How should a school be judged?

Many would say its capacity to produce good exam results.

Exam grades do at least offer a standard point of comparison from which different schools can be reviewed and ranked.

For parents, why would you not want your child being taught somewhere that has a proven track-record? After all decent university places and graduate schemes demand proven results.

So it is understandable that exam results have been seen as the key determinant of whether a school can achieve the coveted “outstanding” status from the Office for Standards in Education, Children's Services and Skills (Ofsted) in the past.

This remains a topic worthy of debate however.  

Speaking to The Guardian (see here) last December Pro Bono Economics Chairman and former Cabinet Secretary Lord O’Donnell said: “We are addicted to exams…but measuring success by exam results is fuelling stress, anxiety and failure among pupils, teachers, and schools.

“It’s clear from what we know that improving kids’ wellbeing is a much better way of improving their lives than improving their scores in these exams”.

This point is not lost on the current Chief Inspector at Ofsted, Amanda Spielman.

Writing in January she said: “We are proposing an evolutionary shift that rebalances inspection to look rather more closely at the substance of education: what is taught and how it is taught, with test and exam outcomes looked at in that context, not in isolation”.

Ms Spielman was referring to a proposed new inspection framework from Ofsted (see here) that would – if agreed – “de-intensify” the focus on performance data as historically understood  (just grades). A more rounded “quality of education” judgement would be put in place.

This is a very interesting prospect.

To explore one aspect in a little more detail, there is academic research which suggests that increasing the amount of time pupils spend doing physical activities (either during school time or at extra-curricular level) may enhance their academic performance[1].  

Could an exclusive emphasis on core-performance data in say, Maths, English and Science even be self-defeating for schools?

The findings from a Pro Bono Economics report published in December 2017 on behalf of Greenhouse Sports, a London-based charity that uses sport to help young people living in the inner city realise their full potential, also make for interesting reading here[2].

They show that on average, 36% of Greenhouse Sports pupils exercise for more than 60 minutes a day, a figure more than twice the then London average of 16%.

Pupil engagement with Greenhouse Sports appears to contribute to an average increase in annual attendance of four percentage points. What is more, programme participants in relevant schools outperformed their peers by up to a third of a grade in English and 40% of a grade in Maths.

Clearly this is a complicated subject; schools have finite budgets and teachers’ collective capacity is at (and often beyond) breaking point, so cramming the day with yet more activities and demands might be a stretch.

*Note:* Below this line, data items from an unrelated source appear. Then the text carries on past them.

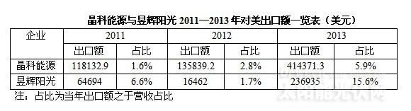 “双反”见闻:2011—2013年对美出口额一览表可以看出,昱辉阳光在过去的三年里对美出口在12年受当时的“双反”调查影响的境况下明显有所收势,但是13年却突然激增,时年也成为出口国家中比重最大的,这一激增也随之冲击了14年的市场营收,而自13年2季度以来昱辉阳光的营收状况可谓惨淡。不过昱辉阳光近期传出向英国光伏项目提供光伏组件,想来这也是避开美国市场之后,拓展欧洲或其他市场的一个信号。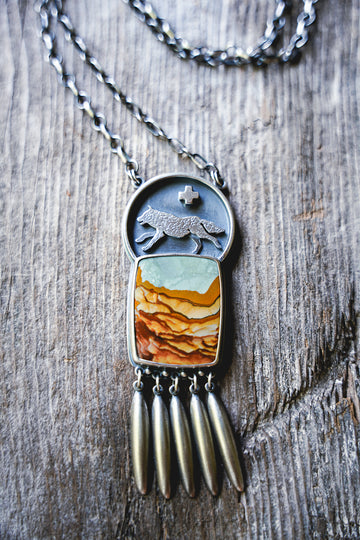This necklace features a gorgeous cut of Rocky Butte Picture Jasper paired with my wolf motif and my square cross. This piece is BIG and bold and narrative.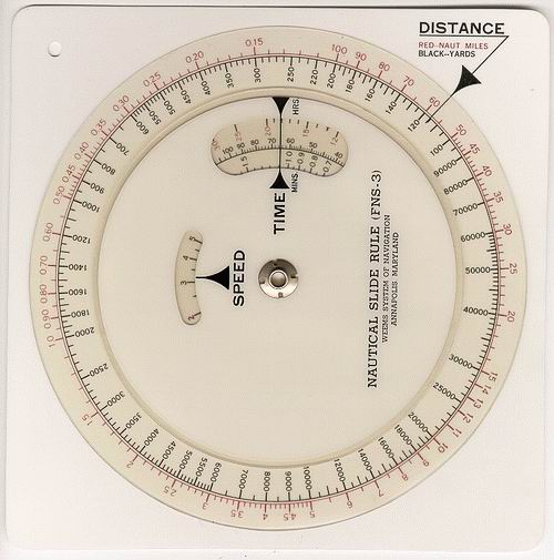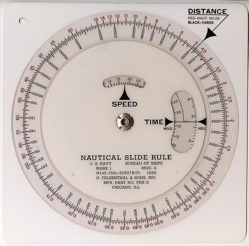 Massive 8 inch diameter circular slide rule, with functions for computing time, speed and distance. Very nice rule, copyright 1955, also marked N140-155s-51537B(P), and FNS-3. A very useful rule, no case was included, back is blank. Bureau of ships Mark 1, model 'O'. (6 scales) |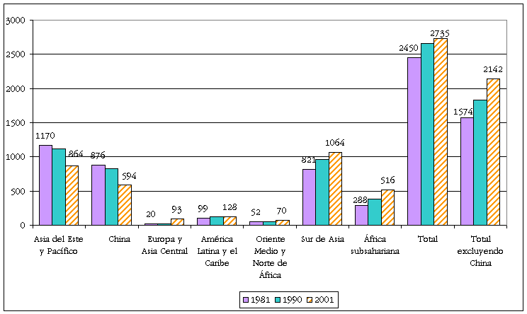 Personas viviendo con menos de dos dólares al día (millones), 1981-2001

However, if Ofsted can facilitate more rounded learning environments that see time freed up for physical activity, and of course for arts and culture, there is growing evidence to suggest this will help teachers and pupils.

Teachers may no longer be quite as constrained to march to the drum-beat of delivery in exams, more exams and little else. 

Happier, healthier pupils doing better in those all-important exams could be the long-term result.

If more schools are able to engage in creative ways of fostering children’s wellbeing and attainment in tandem, long-term studies of their effectiveness will also be possible, the findings of which only improve our understanding of what works in this regard.

Lord O’Donnell is clearly onto something here, and Pro Bono Economics was very happy to make these points in a submission to the Ofsted consultation earlier this month (see here).

We eagerly await the final form of the new inspection framework.